Grève en décembre

En ce jour de grève générale des transports, j’ai retrouvé un texte que j’avais écrit en décembre 1995, lors de la grève qui avait fait reculer le gouvernement d’Alain Juppé sur la réforme des retraites et de la Sécurité sociale. J’étais à l’époque formatrice et chercheure dans un institut régional de travail social situé en banlieue sud de Paris, assez loin de mon domicile.
Extrait :
« Mobilité, rapidité, ponctualité : les maîtres mots de notre époque se trouvent battus en brèche. Mobilité ? On ne bouge plus. Rapidité ? Les voitures bloquent tous les jours le périphérique, les boulevards extérieurs, les rues, les trottoirs. Ponctualité ? Arriver en retard devient normal. On s’appelle quand on arrive… On verra bien.
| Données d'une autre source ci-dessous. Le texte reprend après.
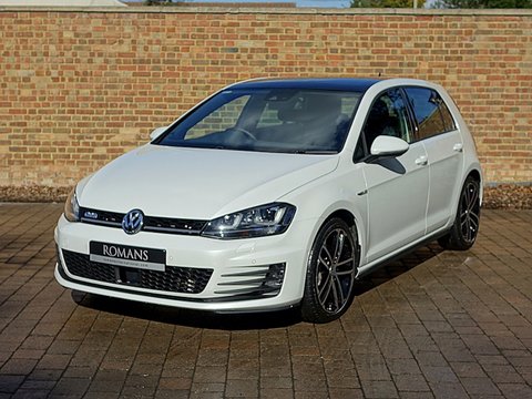 Romans are proud to offer this 2014/14 VW Golf GTD 2.0 TDI for sale presented in 'Oryx White' Special Pearlescent Paint with Titan Black Interior. This lovely 1 owner example comes with a big specification including the Discover Navigation Pro, Panoramic Sunroof and Pearl Effect Paint and is supplied with VW manufacturer's warranty until 2017.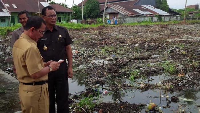 BAGANSIAPIAPI- Bupati Rokan Hilir H.Suyatno tinjau pembersihan dan pembekoan lahan yang ada di belakang Pusat Jajanan Serba Ada ( Pujasera),Jalan Pulau Baru,Rabu ( 06/01/16) .Lahan tersebut direncanakan akan di jadikan Lapangan terbuka untuk masyarakat umum.Seperti Kampanye dan Olahraga.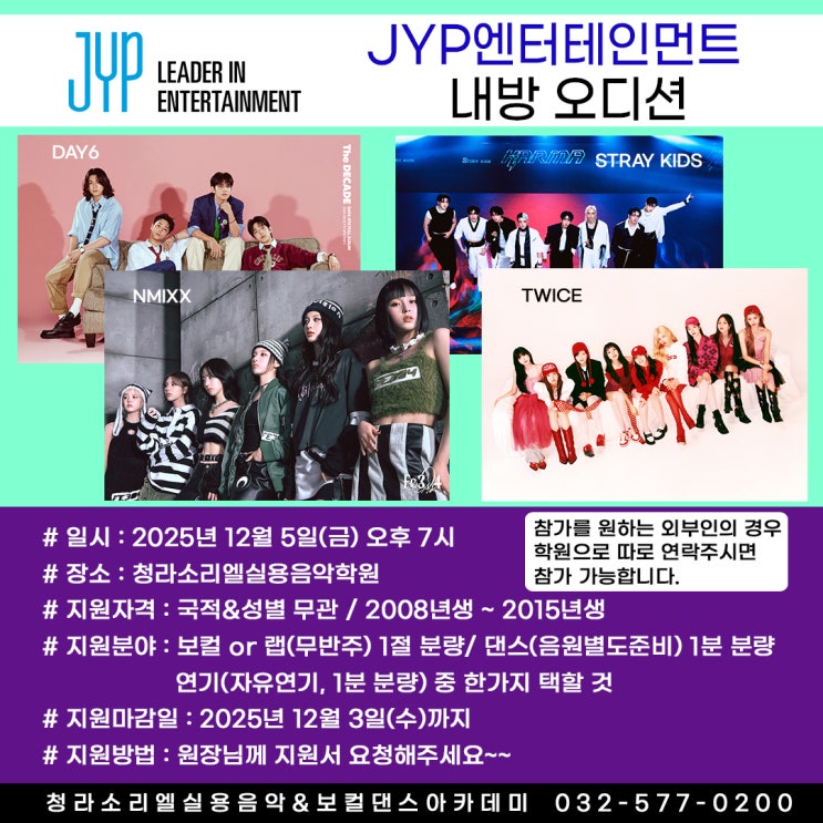 안녕하세요~ 인천 청라 보컬댄스전문학원 청라소리엘실용음악&보컬댄스아카데미 입니다. 12월의 기획사 내방 오디션 안내드립니다. 12월 5일 금요일 오후 7시에 JYP엔터테인먼트 내방오디션이 본원에서 진행됩니다. 본 오디션은 재원생 외의 외부인도 지원이 가능합니다. 외부인 중 지원을 원하시는 분은 학원으로 연락주시면 지원서를 보내드리도록 하겠습니다. 청라소리엘은 매달 기획사 내방오디션을 통해 아이돌을 꿈꾸는 친구들이 원하는 목표를 이룰 수 있는 기회를 제공하고 있으며 오디션에서 좋은 결과를 만들 수 있도록 최선을 다해 교육하고 있습니다. 오디션 준비에 관해 궁금한 점이 있으시다면 언제든 학원으로 연락주세요! 친....... <img src="https://blogthumb.pstatic.net/MjAyNTExMjVfMTcz/MDAxNzY0MDY2NjUzMjk1.w_TvcBOkNDMULnsRGZ8FUYX_FlcUA0p5s2RnanE_9X8g.MC4U0lDu0jnT5QGy2dCknuwiVe5THSeoiI2Z0OIkNnkg.JPEG/25%B3%E2New%BF%C0%B5%F0%BC%C7%C6%F7%BD%BA%C5%CD.jpg?type=s3" />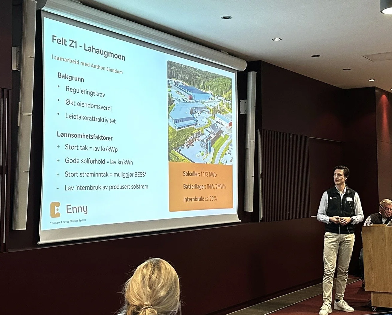 Vår salgsleder Ludvig Danielsson holdt et innlegg om prosjektet på Lahaugmoen, hvor energideling er brukt som en strategisk løsning for eiendomsutviklere, eiere og leietakere. Presentasjonen tok for seg hvordan kombinasjonen av solceller, batterilagring og delingsordningen kan bidra til bedre utnyttelse av lokal energiproduksjon, økt eiendomsverdi og frigjøring av nettkapasitet.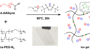 (2 × 4)-Type tetra-PEG ion gels were prepared through a copper-free azide–alkyne cycloaddition reaction between tetra-branched poly(ethylene glycol) and linear tetra(ethylene glycol). The tensile tests showed that the reaction efficiency of the cross-linking was over 90%. The prepared ion gels exhibited high mechanical toughness and stretchability characteristic of tetra-PEG gels. The electrochemical window of the ion gels was the same as that of the ionic liquid inside the gel. The ionic conductivity of the ion gel (30 wt% polymer concentrations) was 8.9 × 10−4 S cm−1 (25 °C, anhydrous conditions).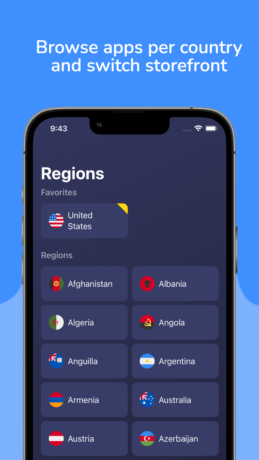 - Browse apps per country with top chart. View detail targeted to specific region and locales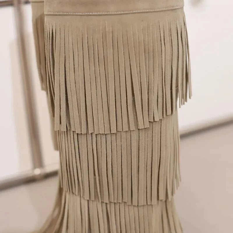 - Bohemisk elegans i varje steg – de svepande fransarna skapar en levande rörelse som fångar blicken.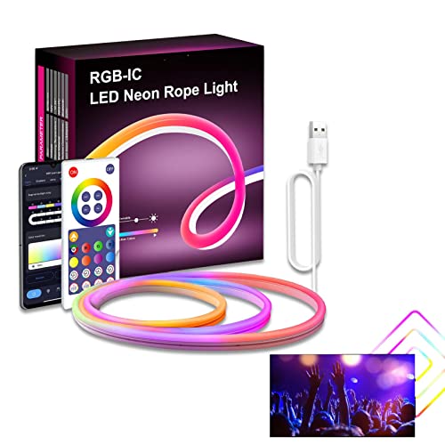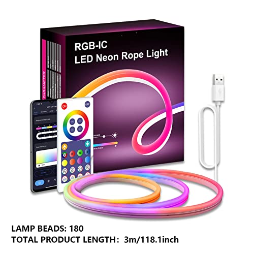 Richolyn Luci al Neon RGB | Luci Intelligenti per Interni - Luce di Striscia al Neon da 10 Piedi, Decorazione per Sala da Gioco, Impermeabile IP68, 180 Perline per Lampada a LED con Controller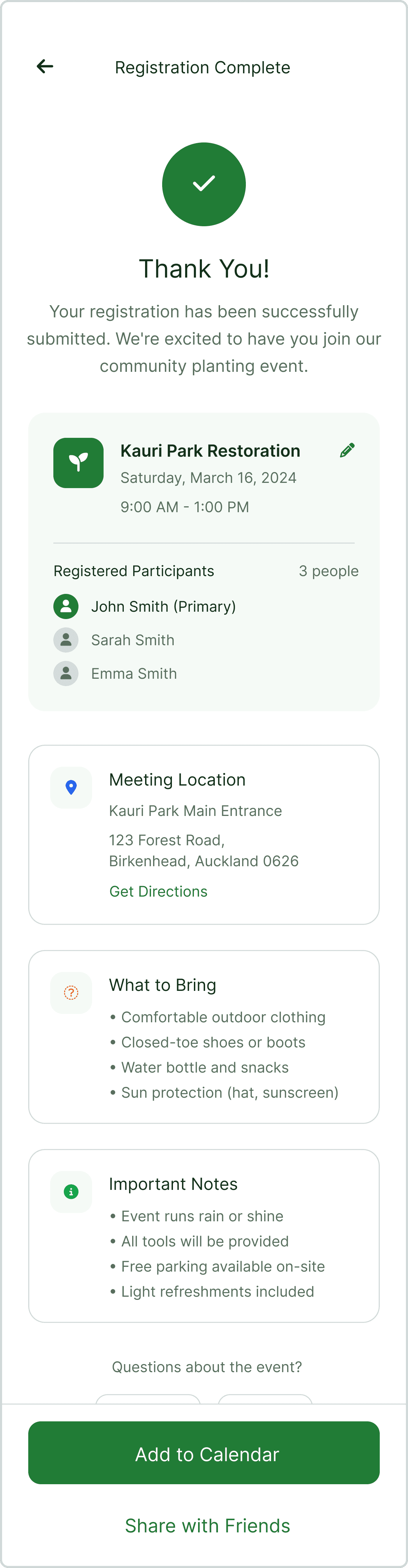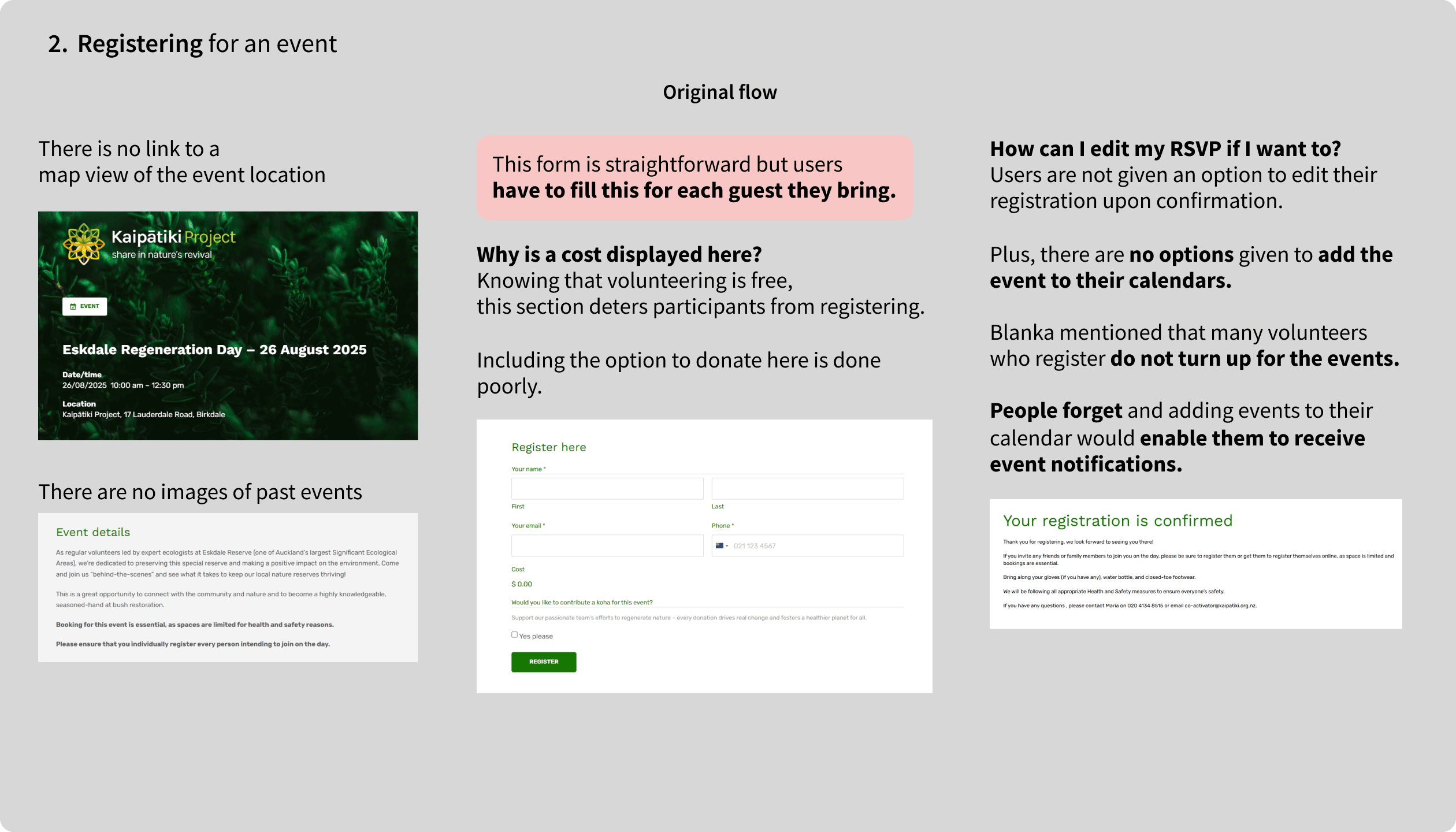 As the current process did not offer a way for volunteers to edit their registration, they would need to email Kaipātiki Project in order to change or cancel their booking, costing further time and effort.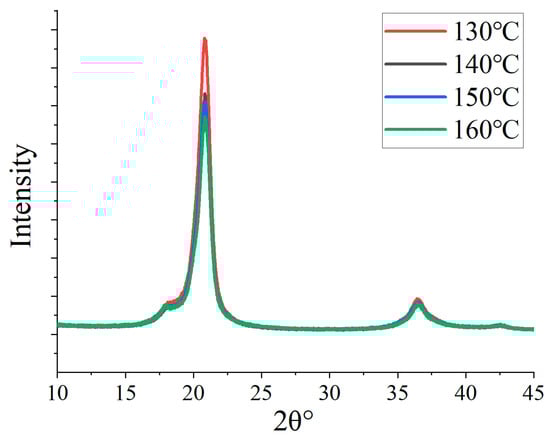 With increase in temperature, the crystal plane diffraction peak decreases, which means the content of the β phase decreases. Within the temperature range studied in this article, the β phase still occupies a relatively large proportion and does not drop to half of the room temperature even at the highest temperature of 160 °C.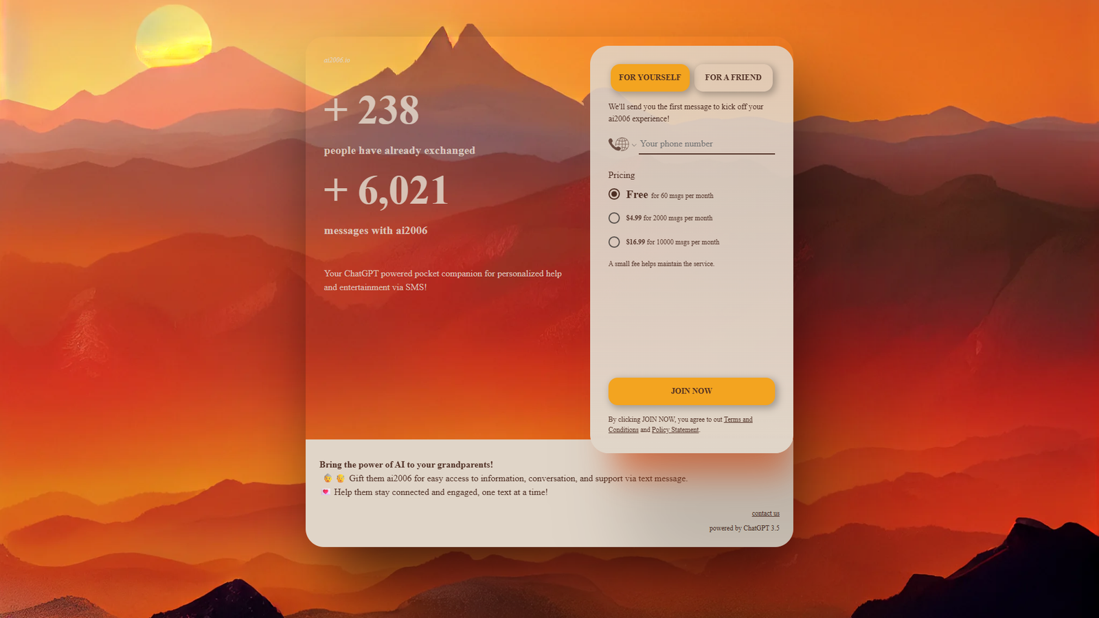 ai2006 — это карманный AI-ассистент на базе ChatGPT, который всегда под рукой в формате обычных SMS-сообщений. Вам не нужно устанавливать приложения, заходить в браузер или разбираться в сложных настройках: просто переписывайтесь с ИИ так же, как с любым другом.

Tout était urgent avant la grève. Urgent de faire une formation en décembre, urgent d’intervenir auprès d’animateurs, urgent de boucler un rapport de recherche. Tout a été reporté. L’urgence d’avant a perdu son sens, celle d’aujourd’hui étant dans le transport quotidien, à pied, à vélo, en stop ou en voiture. Pendant ces trois semaines, j’ai eu du temps. Le temps de m’occuper de ma fille, de rêvasser devant la télé, de parler avec mes collègues, de préparer des cours que d’ailleurs je n’ai pas donnés puisque j’étais en grève.
M’est venue l’idée que tout cela est vain, que courir comme nous le faisions il y a encore deux mois ne rime à rien, sinon à aller droit dans le mur. Certains travaillent trop, accumulant les activités, d’autres ne travaillent pas assez ou ne travaillent plus et meurent à petit feu de se sentir inutiles au monde. À quand le partage du travail, hors de ce système où les uns s’épuisent et les autres s’étiolent ?
À force de parler du « déclin de la valeur travail », nos dirigeants ont oublié qu’il y avait des conducteurs dans les trains, des agents de tri dans les centres postaux, des professeurs dans les écoles et des infirmiers dans les hôpitaux. Des gens en somme. »

Vingt-quatre ans après, j’ajouterai : nos dirigeants ont oublié qu’il y avait des pauvres allongés dans les rues des grandes villes et des ronds-points en pleine campagne. Reste que depuis 1995, les uns ont continué à courir et les autres à faire du sur-place. Le travail est toujours aussi mal réparti et la précarité s’est développée. Des gens dorment sous des tentes aux portes de Paris, tout s’est durci et aiguisé, comme le froid qui annonce l’hiver.